Lucas Silveira: Eae, rapaz! 

Gustavo Montovani: Só alegrias canceladas!

Buzz: Hahahah! Cara, que absurdo foi isso, né? Vocês adivinharam a desgraça toda! 

Lucas: É, esse disco novo vai chamar "Mega-sena Acumulada é Nossa!"

Gustavo: É tipo o Simpsons fazendo previsões, hahahaha!


Buzz: É exatamente isso! Bora lá: Tenho sentido que filmes, séries, e álbuns lançados depois desse período mais punk da pandemia, ou vão pra um lado mega dark, do sofrimento que isso tudo trouxe, ou pra um caminho oposto, de festa, curtição, esquecer um pouco. Senti vocês nesse segundo grupo. É isso mesmo? 

Lucas: O que tem de bem intencional nele é o começo. Então, assim, a primeira música, "Vou Ter Que Me Virar", se tu não prestar atenção na letra, parece uma música meio new rave, uma coisa do Klaxons, aquelas banda Inglaterra. É uma parada que fazia parte da nossa formação, mas naquela época a gente não tinha o batera pra fazer, que é o [Thiago] Guerra. Talvez a gente também ainda tinha muitos vícios até do hardcore, do emo, guitarras distorcidas, etc. O álbum é feito para ter essa audição guiada, assim. Tanto que a segunda música é oposta, é completamente podre, que chama "Fudeu". 

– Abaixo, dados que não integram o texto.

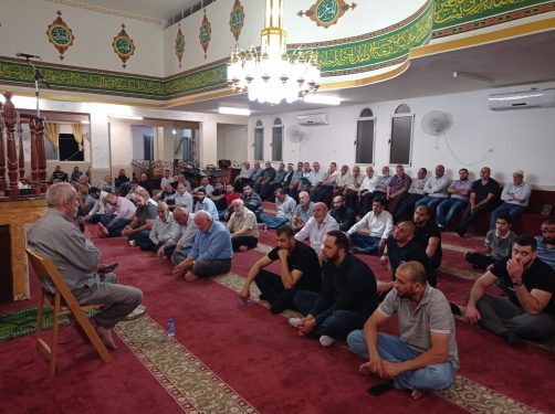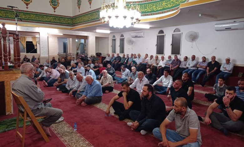 واستهل اللقاء بآيات من القرآن الكريم تلاها الشاب محمد شحادة، فيما تولى العرافة الشيخ كفاح موعد، وقدم الشيخ عبد الرؤوف أبو الهيجاء، إمام المسجد، محاضرة تحدث فيها عن حكمة الله من البلاء والمحن.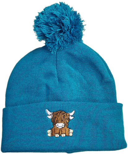 Highland Cow Bobble Hat (Turquoise / Pink / Green / Black)

Ao mesmo tempo, tudo nesse disco eu queria que tivesse ferramentas pop, então ele não fica sendo cabeçudo por muito tempo. O que eu acho é que não foi nem pensado pra ser um álbum feliz, ou animado, ou pra cima, ou pra rolar num churrasco... Eu acho que continua sendo um disco estranho pra churrasco, né? Pra piscina… 

Buzz: Justíssimo! 

Lucas: Mas por ser uma audiência guiada, ele vai te levando para vários lugares que estamos propondo, e aí sim tem uma pegada mais otimista - principalmente quando a gente compara com o "Sua Alegria Foi Cancelada". Mas feliz pra caralho a gente nunca consegue ser. Tem uma raiva ali. A própria "Fudeu" é raivosa, mas é engraçada! 

Gustavo: É tipo aquele meme que o cara parece feliz, mas é uma máscara que se tu tira, ele tá puto!

Lucas: É exatamente isso! "Casa Assombrada", que é a terceira música, também é um papo sobre saúde mental, mas dá pra cantar ela sem pesar. Minha filha canta sem saber o que eu estou falando.

Buzz: E em "Fudeu" vocês falam mal do Bolsonaro, né? Foi um desabafo, só encaixou na letra, como foi?

Lucas: Ah, tem que falar, né? É terrível, pô. Toda vez que acontece uma coisa ruim na minha vida, eu consigo traçar ela até o Bolsonaro. 

Thiago Guerra: Mas "Isso Não é Um Teste" também já falava dele! Isso é um caminho que já vem do "Sua Alegria", já vem de lá de trás… 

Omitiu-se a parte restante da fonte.